- _RECORDS TO USE_:
+++
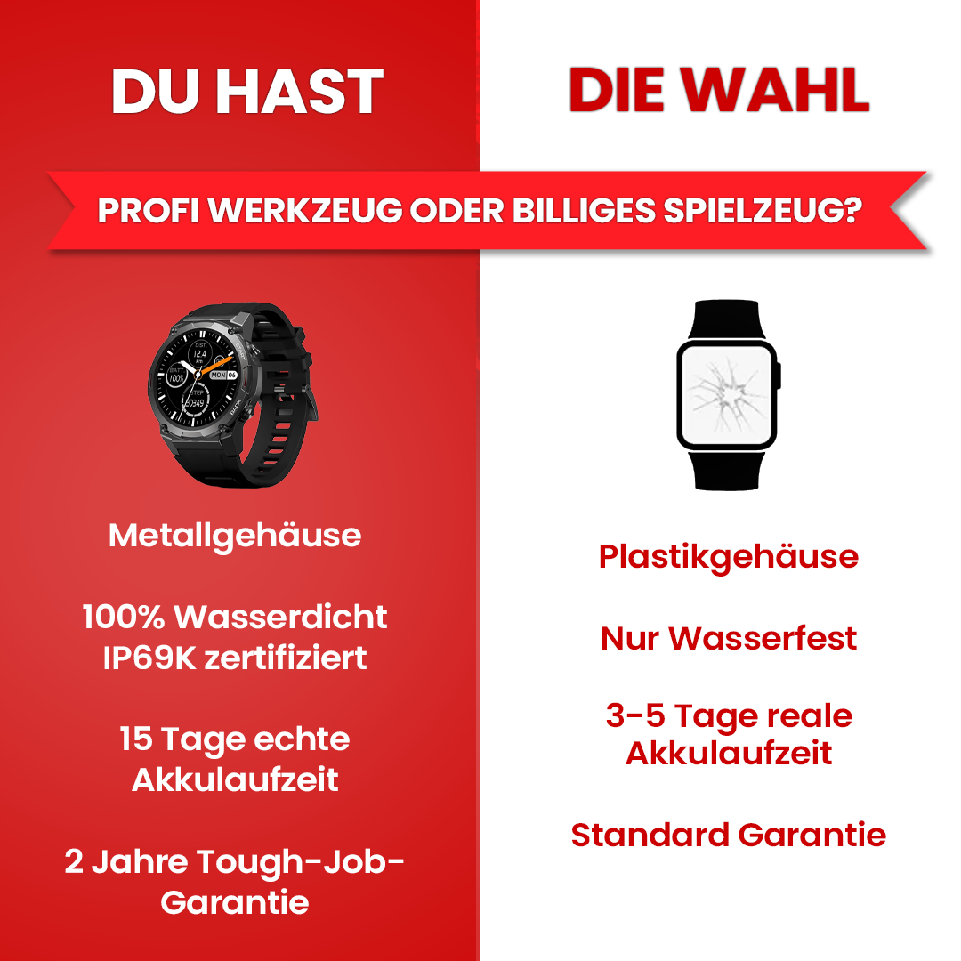 Billige Uhren versprechen viel, halten aber wenig. Die GOLIAT 7 PRO setzt mit Metallgehäuse, echter Wasserdichtigkeit, doppelter Akkulaufzeit und zuverlässiger Garantie neue Maßstäbe für Profis.
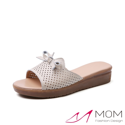 真皮甜美縷空蝴蝶結花邊氣質舒適厚底拖鞋 米 |
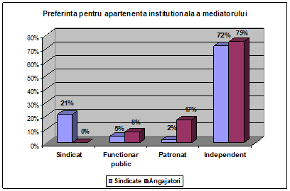 Posibilitatea de a alege mediatorul: peste 90% din sindicate si peste 80% din patronate au optat pentru posibilitatea de a alege mediatorul.
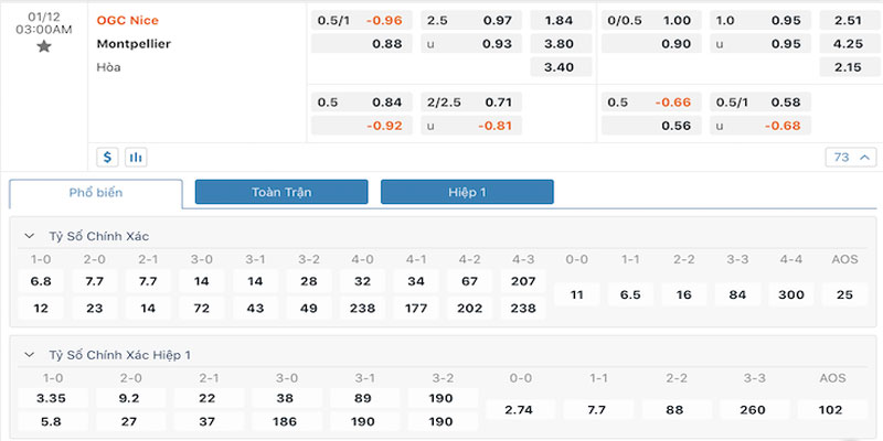 Tỷ lệ kèo giữa Nice vs Montpellier
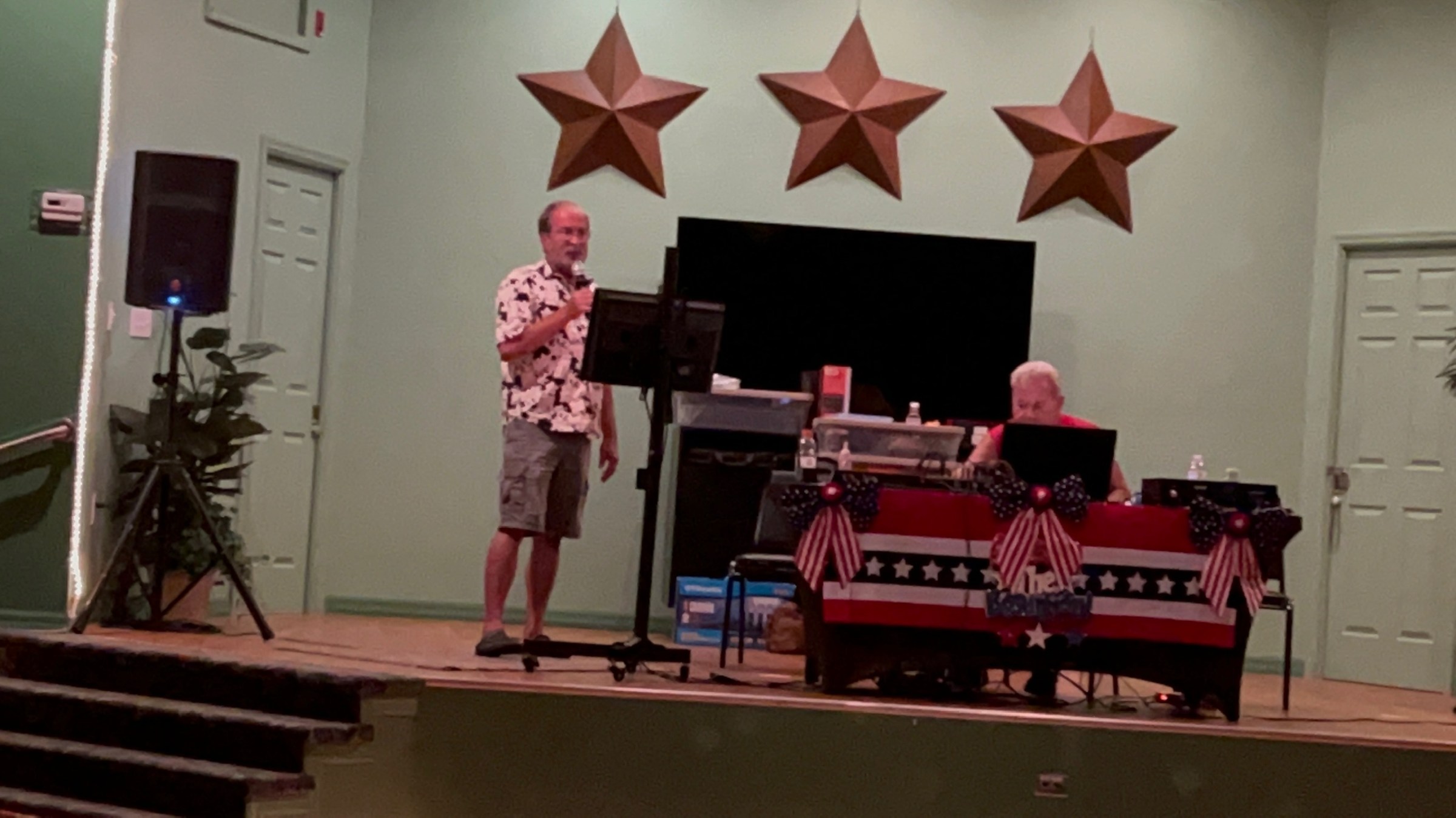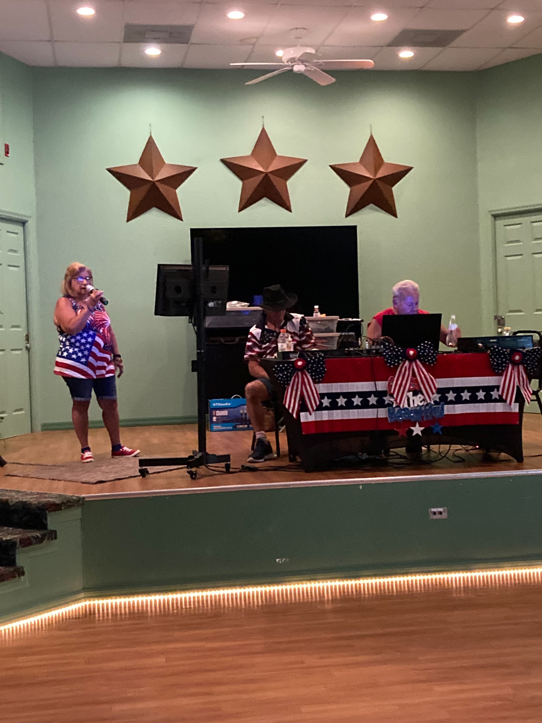 We would like to thank our CFR friends who took the time to come out and support our event. We had several good singers and we particularly enjoyed Marylou Wood and Marilyn Quigg who sang a beautiful rendition of “Take Me Home, Country Roads”. Mike Lowe led us in closing the show with God Bless the USA. A big thank you to Patti for sending out the flyer announcing the event and to Carol Delynko for posting the pictures.
+++
All text in the material above must be written out exactly; the images are to be skipped.

- _RESULT BELOW_:
 Billige Uhren versprechen viel, halten aber wenig. Die GOLIAT 7 PRO setzt mit Metallgehäuse, echter Wasserdichtigkeit, doppelter Akkulaufzeit und zuverlässiger Garantie neue Maßstäbe für Profis.
 真皮甜美縷空蝴蝶結花邊氣質舒適厚底拖鞋 米 |
 Posibilitatea de a alege mediatorul: peste 90% din sindicate si peste 80% din patronate au optat pentru posibilitatea de a alege mediatorul.
 Tỷ lệ kèo giữa Nice vs Montpellier
 We would like to thank our CFR friends who took the time to come out and support our event. We had several good singers and we particularly enjoyed Marylou Wood and Marilyn Quigg who sang a beautiful rendition of “Take Me Home, Country Roads”. Mike Lowe led us in closing the show with God Bless the USA. A big thank you to Patti for sending out the flyer announcing the event and to Carol Delynko for posting the pictures.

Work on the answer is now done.